[Stored records]
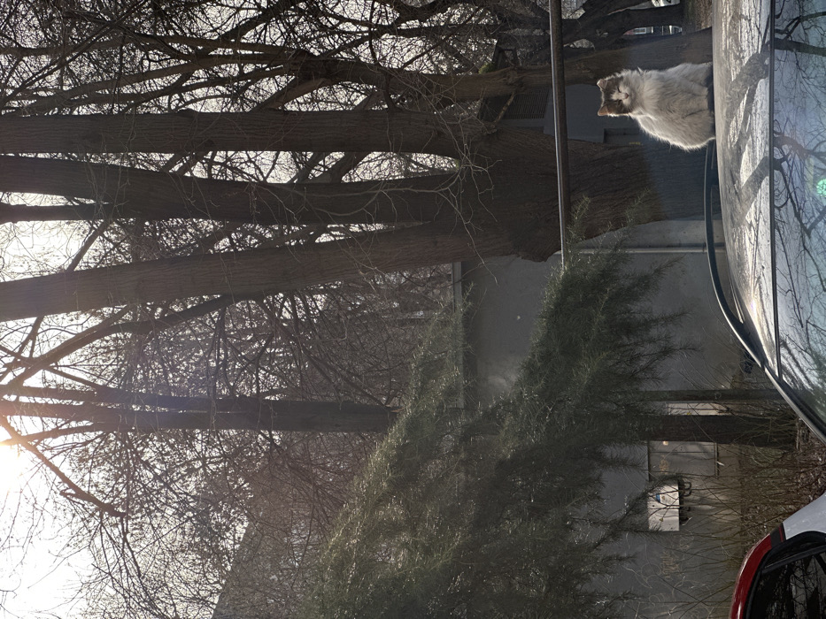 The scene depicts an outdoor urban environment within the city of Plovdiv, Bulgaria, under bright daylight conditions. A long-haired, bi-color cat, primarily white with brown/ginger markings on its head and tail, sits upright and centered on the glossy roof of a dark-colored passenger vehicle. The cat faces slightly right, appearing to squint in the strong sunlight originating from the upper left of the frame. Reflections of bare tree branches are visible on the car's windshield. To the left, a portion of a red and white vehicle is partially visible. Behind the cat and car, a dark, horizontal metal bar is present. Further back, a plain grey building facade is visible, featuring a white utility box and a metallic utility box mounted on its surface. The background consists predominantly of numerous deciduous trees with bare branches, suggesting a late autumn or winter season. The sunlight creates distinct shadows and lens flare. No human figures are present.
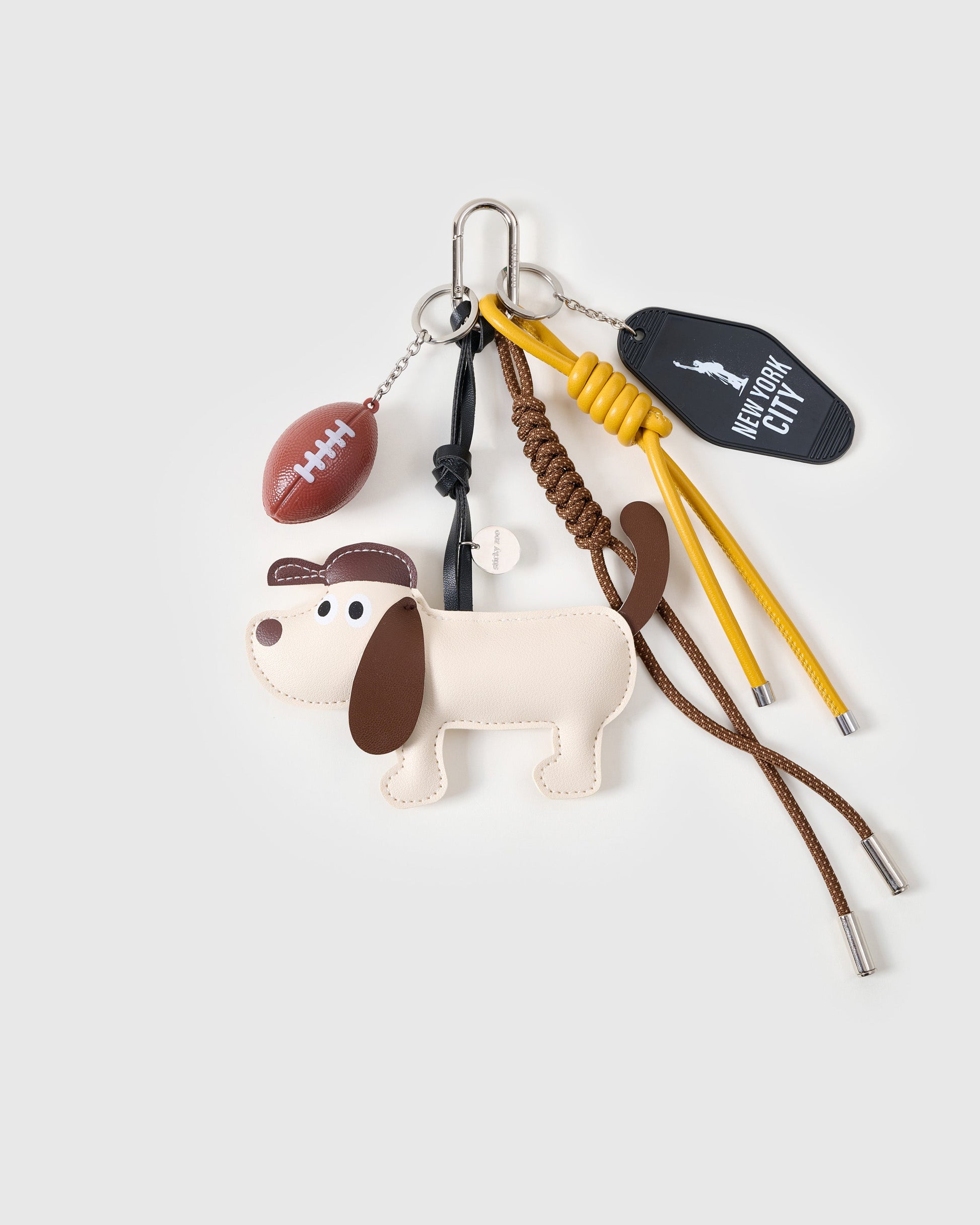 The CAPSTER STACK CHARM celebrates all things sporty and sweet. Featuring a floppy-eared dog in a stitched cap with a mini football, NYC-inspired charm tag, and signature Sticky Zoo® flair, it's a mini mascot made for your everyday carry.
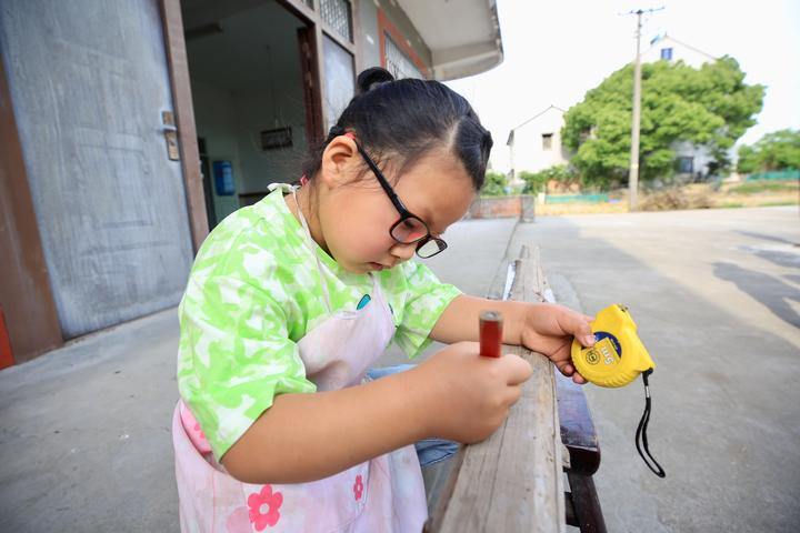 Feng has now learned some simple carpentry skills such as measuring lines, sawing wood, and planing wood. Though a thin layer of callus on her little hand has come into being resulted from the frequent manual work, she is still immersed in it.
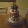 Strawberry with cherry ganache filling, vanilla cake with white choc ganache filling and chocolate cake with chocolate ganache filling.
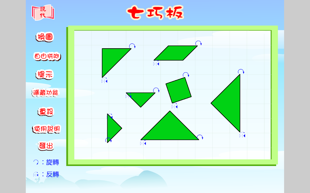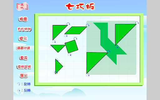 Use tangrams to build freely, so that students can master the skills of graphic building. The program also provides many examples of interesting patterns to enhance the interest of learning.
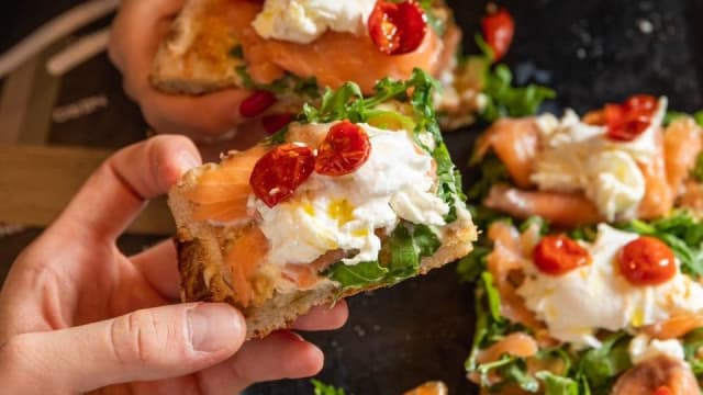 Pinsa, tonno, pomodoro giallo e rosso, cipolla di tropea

* WORK ITEM
With the images excluded, reproduce the data above precisely as written.

* SOLUTION TO THE PROBLEM
 The scene depicts an outdoor urban environment within the city of Plovdiv, Bulgaria, under bright daylight conditions. A long-haired, bi-color cat, primarily white with brown/ginger markings on its head and tail, sits upright and centered on the glossy roof of a dark-colored passenger vehicle. The cat faces slightly right, appearing to squint in the strong sunlight originating from the upper left of the frame. Reflections of bare tree branches are visible on the car's windshield. To the left, a portion of a red and white vehicle is partially visible. Behind the cat and car, a dark, horizontal metal bar is present. Further back, a plain grey building facade is visible, featuring a white utility box and a metallic utility box mounted on its surface. The background consists predominantly of numerous deciduous trees with bare branches, suggesting a late autumn or winter season. The sunlight creates distinct shadows and lens flare. No human figures are present.
 The CAPSTER STACK CHARM celebrates all things sporty and sweet. Featuring a floppy-eared dog in a stitched cap with a mini football, NYC-inspired charm tag, and signature Sticky Zoo® flair, it's a mini mascot made for your everyday carry.
 Feng has now learned some simple carpentry skills such as measuring lines, sawing wood, and planing wood. Though a thin layer of callus on her little hand has come into being resulted from the frequent manual work, she is still immersed in it.
 Strawberry with cherry ganache filling, vanilla cake with white choc ganache filling and chocolate cake with chocolate ganache filling.
 Use tangrams to build freely, so that students can master the skills of graphic building. The program also provides many examples of interesting patterns to enhance the interest of learning.
 Pinsa, tonno, pomodoro giallo e rosso, cipolla di tropea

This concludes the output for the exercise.